Every line from the one with "Impact Rated Accordion Shutters" through the end of the material below, both ends included, should be transcribed exactly, without pictures.

---------- Dataset records ----------

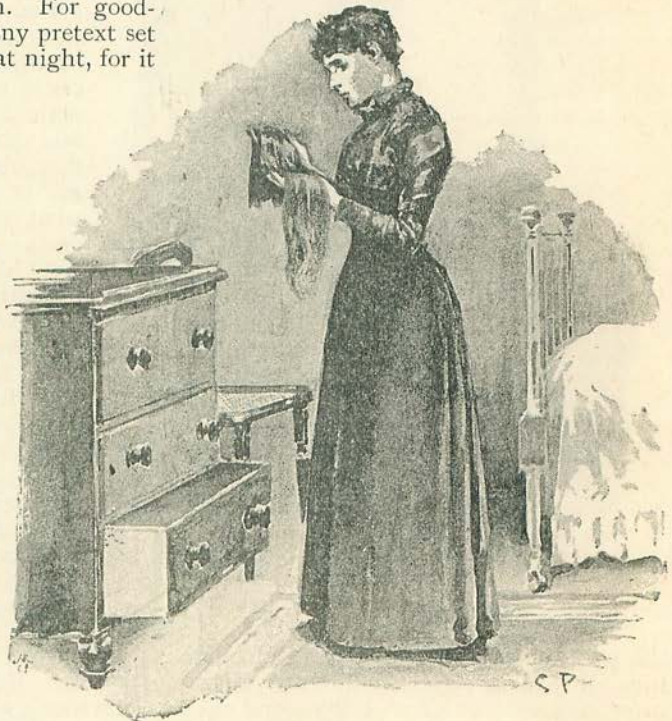
"I TOOK IT UP AND EXAMINED IT.

"I took it up and examined it. It was of the same peculiar tint, and the same thickness. But then the impossibility of the thing obtruded itself upon me. How could my hair have been locked in the drawer?
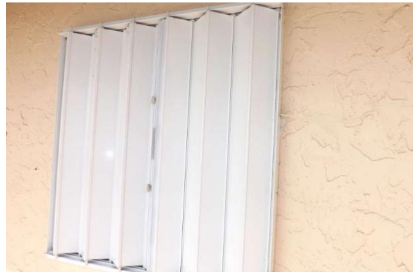
Impact Rated Accordion Shutters
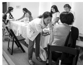
Healthy Living Festival on October 15
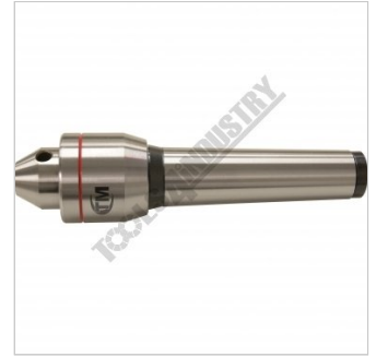
Live Centre Side View

----------

_Problem solution_:
Impact Rated Accordion Shutters
Healthy Living Festival on October 15
Live Centre Side View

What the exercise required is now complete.